Start of Data supplied
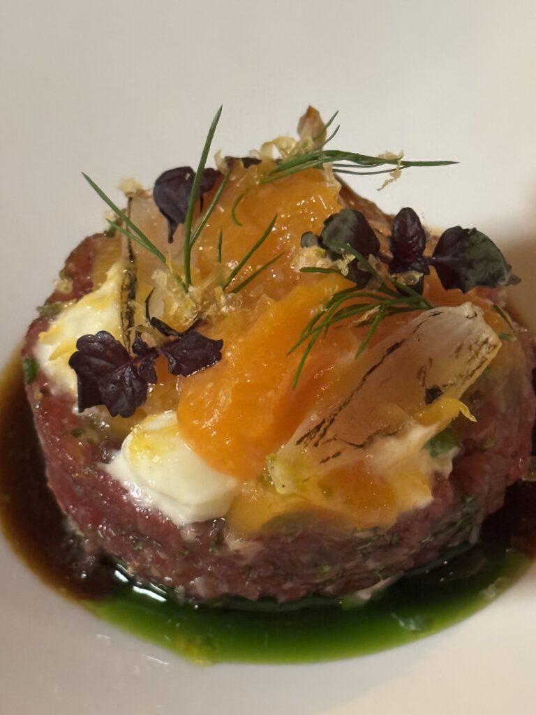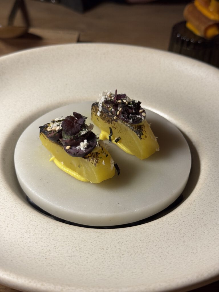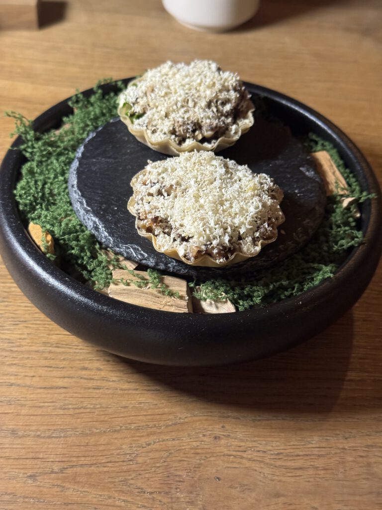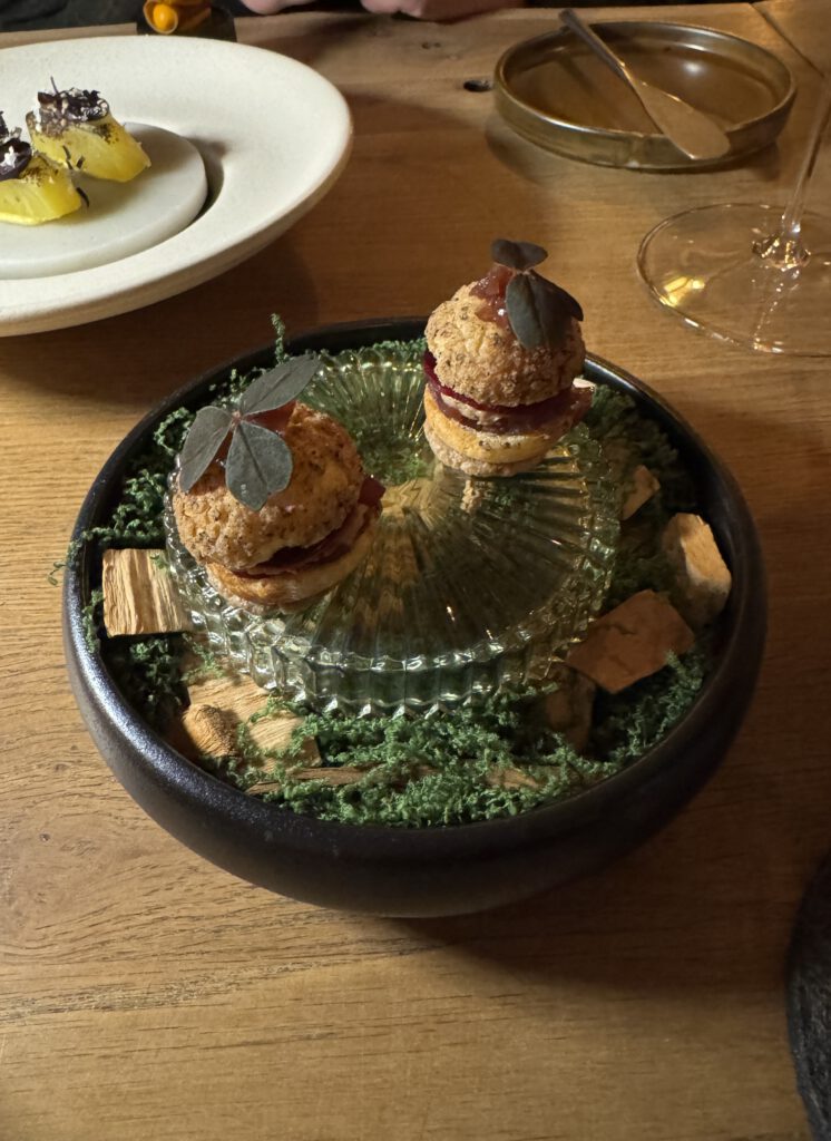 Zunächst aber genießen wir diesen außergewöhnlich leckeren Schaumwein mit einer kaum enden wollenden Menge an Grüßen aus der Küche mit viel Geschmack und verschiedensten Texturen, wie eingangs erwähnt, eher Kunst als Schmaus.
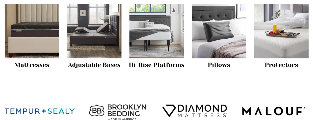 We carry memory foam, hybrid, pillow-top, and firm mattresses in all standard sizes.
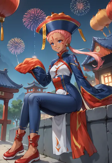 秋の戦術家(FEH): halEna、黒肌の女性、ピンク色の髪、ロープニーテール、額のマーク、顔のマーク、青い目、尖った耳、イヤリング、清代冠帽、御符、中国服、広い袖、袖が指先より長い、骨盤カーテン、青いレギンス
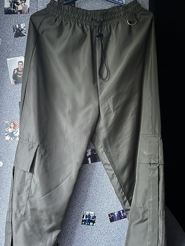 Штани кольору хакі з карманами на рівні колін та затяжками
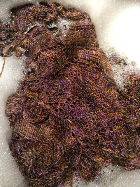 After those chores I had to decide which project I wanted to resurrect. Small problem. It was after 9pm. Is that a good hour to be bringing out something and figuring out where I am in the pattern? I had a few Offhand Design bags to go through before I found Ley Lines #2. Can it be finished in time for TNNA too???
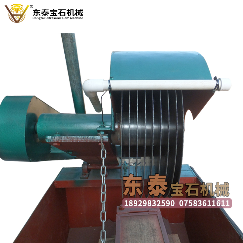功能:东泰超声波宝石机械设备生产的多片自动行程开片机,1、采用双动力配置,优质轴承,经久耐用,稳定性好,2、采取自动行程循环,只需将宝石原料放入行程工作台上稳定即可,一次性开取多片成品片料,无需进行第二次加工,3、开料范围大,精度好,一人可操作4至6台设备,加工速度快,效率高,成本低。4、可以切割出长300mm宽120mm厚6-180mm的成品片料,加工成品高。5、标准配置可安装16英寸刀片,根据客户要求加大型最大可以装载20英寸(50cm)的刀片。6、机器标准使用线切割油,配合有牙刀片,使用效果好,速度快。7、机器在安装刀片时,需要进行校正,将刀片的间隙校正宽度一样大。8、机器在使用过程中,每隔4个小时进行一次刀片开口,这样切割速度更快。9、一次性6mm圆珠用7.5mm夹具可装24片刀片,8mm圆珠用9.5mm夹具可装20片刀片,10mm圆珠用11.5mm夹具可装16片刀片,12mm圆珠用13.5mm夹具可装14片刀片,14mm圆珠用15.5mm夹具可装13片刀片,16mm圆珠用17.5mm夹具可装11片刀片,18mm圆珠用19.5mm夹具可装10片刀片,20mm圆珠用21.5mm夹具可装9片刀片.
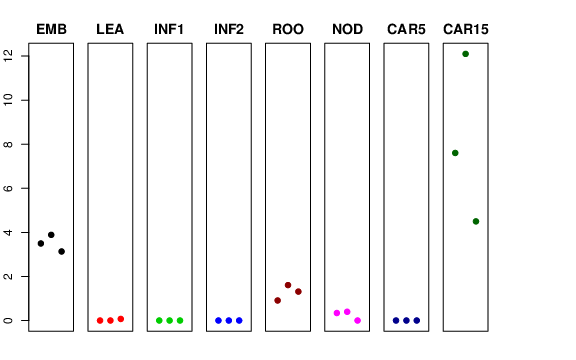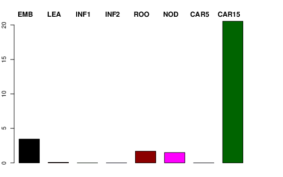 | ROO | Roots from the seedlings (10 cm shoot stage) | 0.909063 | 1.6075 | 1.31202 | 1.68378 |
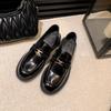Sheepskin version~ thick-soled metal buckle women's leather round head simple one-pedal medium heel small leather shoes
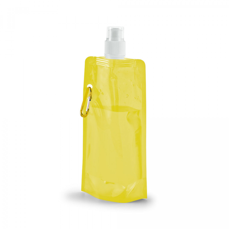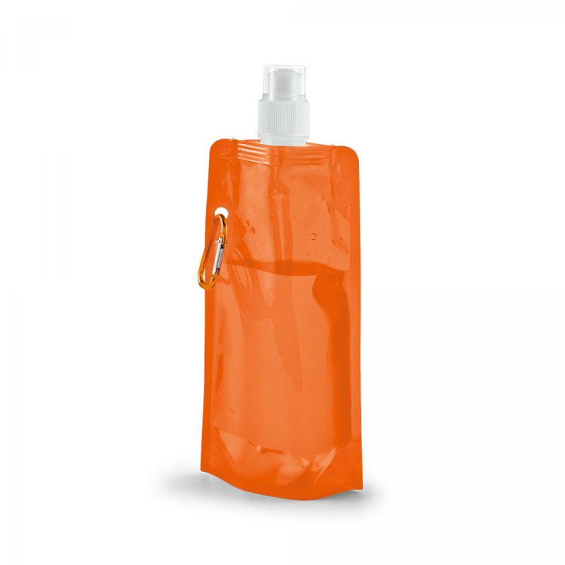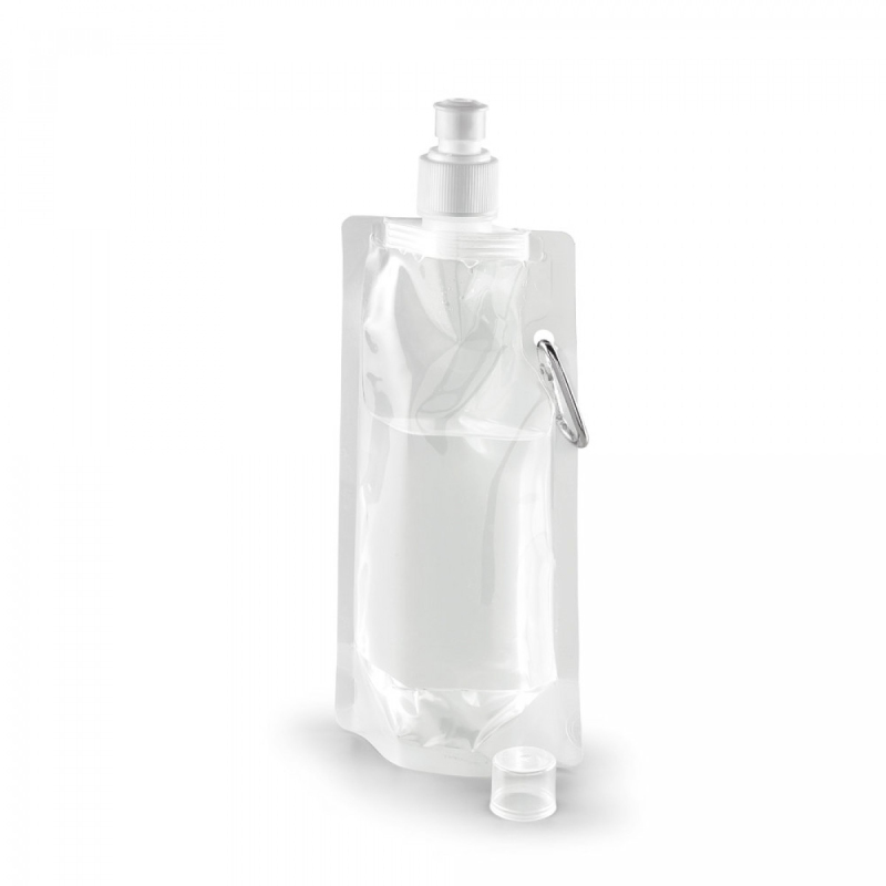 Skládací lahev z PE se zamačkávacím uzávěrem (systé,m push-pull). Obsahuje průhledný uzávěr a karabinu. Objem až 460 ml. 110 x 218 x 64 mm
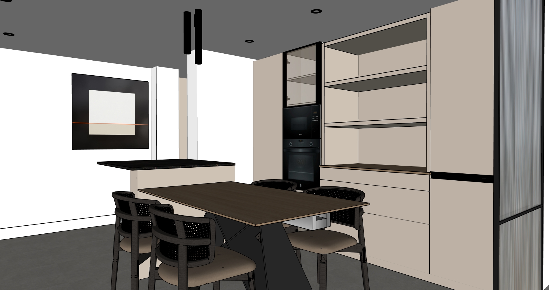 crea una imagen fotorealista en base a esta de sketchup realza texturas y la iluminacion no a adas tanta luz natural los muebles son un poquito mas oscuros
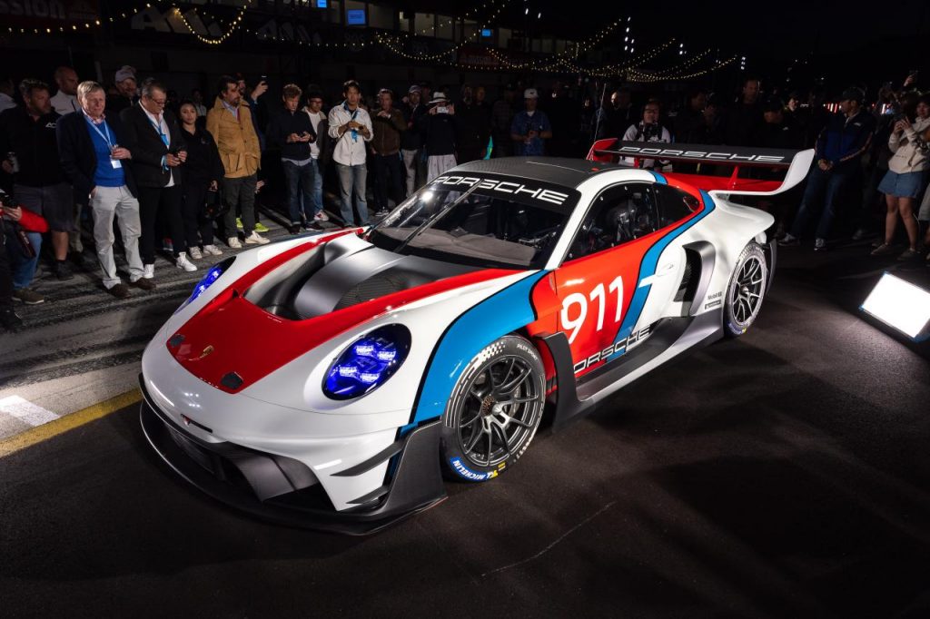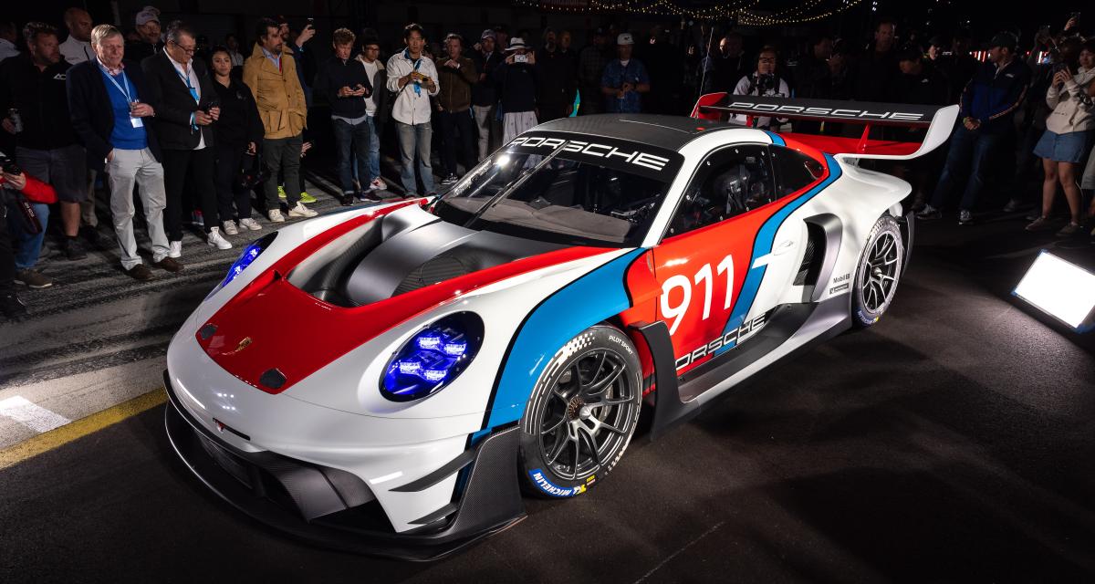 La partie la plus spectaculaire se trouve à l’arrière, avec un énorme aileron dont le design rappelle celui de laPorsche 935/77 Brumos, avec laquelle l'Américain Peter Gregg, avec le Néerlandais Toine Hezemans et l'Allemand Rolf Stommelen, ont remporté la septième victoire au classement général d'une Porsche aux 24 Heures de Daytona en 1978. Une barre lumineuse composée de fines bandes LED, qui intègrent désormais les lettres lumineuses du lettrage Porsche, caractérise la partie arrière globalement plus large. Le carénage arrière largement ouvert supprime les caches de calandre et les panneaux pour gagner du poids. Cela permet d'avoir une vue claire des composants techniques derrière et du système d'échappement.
End of Data supplied
_Task directions_
Please print every record above exactly, but leave the pictures out.

_Response to the exercise_
 Zunächst aber genießen wir diesen außergewöhnlich leckeren Schaumwein mit einer kaum enden wollenden Menge an Grüßen aus der Küche mit viel Geschmack und verschiedensten Texturen, wie eingangs erwähnt, eher Kunst als Schmaus.
 We carry memory foam, hybrid, pillow-top, and firm mattresses in all standard sizes.
 秋の戦術家(FEH): halEna、黒肌の女性、ピンク色の髪、ロープニーテール、額のマーク、顔のマーク、青い目、尖った耳、イヤリング、清代冠帽、御符、中国服、広い袖、袖が指先より長い、骨盤カーテン、青いレギンス
 Штани кольору хакі з карманами на рівні колін та затяжками
 After those chores I had to decide which project I wanted to resurrect. Small problem. It was after 9pm. Is that a good hour to be bringing out something and figuring out where I am in the pattern? I had a few Offhand Design bags to go through before I found Ley Lines #2. Can it be finished in time for TNNA too???
功能:东泰超声波宝石机械设备生产的多片自动行程开片机,1、采用双动力配置,优质轴承,经久耐用,稳定性好,2、采取自动行程循环,只需将宝石原料放入行程工作台上稳定即可,一次性开取多片成品片料,无需进行第二次加工,3、开料范围大,精度好,一人可操作4至6台设备,加工速度快,效率高,成本低。4、可以切割出长300mm宽120mm厚6-180mm的成品片料,加工成品高。5、标准配置可安装16英寸刀片,根据客户要求加大型最大可以装载20英寸(50cm)的刀片。6、机器标准使用线切割油,配合有牙刀片,使用效果好,速度快。7、机器在安装刀片时,需要进行校正,将刀片的间隙校正宽度一样大。8、机器在使用过程中,每隔4个小时进行一次刀片开口,这样切割速度更快。9、一次性6mm圆珠用7.5mm夹具可装24片刀片,8mm圆珠用9.5mm夹具可装20片刀片,10mm圆珠用11.5mm夹具可装16片刀片,12mm圆珠用13.5mm夹具可装14片刀片,14mm圆珠用15.5mm夹具可装13片刀片,16mm圆珠用17.5mm夹具可装11片刀片,18mm圆珠用19.5mm夹具可装10片刀片,20mm圆珠用21.5mm夹具可装9片刀片.
 | ROO | Roots from the seedlings (10 cm shoot stage) | 0.909063 | 1.6075 | 1.31202 | 1.68378 |
Sheepskin version~ thick-soled metal buckle women's leather round head simple one-pedal medium heel small leather shoes
 Skládací lahev z PE se zamačkávacím uzávěrem (systé,m push-pull). Obsahuje průhledný uzávěr a karabinu. Objem až 460 ml. 110 x 218 x 64 mm
 crea una imagen fotorealista en base a esta de sketchup realza texturas y la iluminacion no a adas tanta luz natural los muebles son un poquito mas oscuros
 La partie la plus spectaculaire se trouve à l’arrière, avec un énorme aileron dont le design rappelle celui de laPorsche 935/77 Brumos, avec laquelle l'Américain Peter Gregg, avec le Néerlandais Toine Hezemans et l'Allemand Rolf Stommelen, ont remporté la septième victoire au classement général d'une Porsche aux 24 Heures de Daytona en 1978. Une barre lumineuse composée de fines bandes LED, qui intègrent désormais les lettres lumineuses du lettrage Porsche, caractérise la partie arrière globalement plus large. Le carénage arrière largement ouvert supprime les caches de calandre et les panneaux pour gagner du poids. Cela permet d'avoir une vue claire des composants techniques derrière et du système d'échappement.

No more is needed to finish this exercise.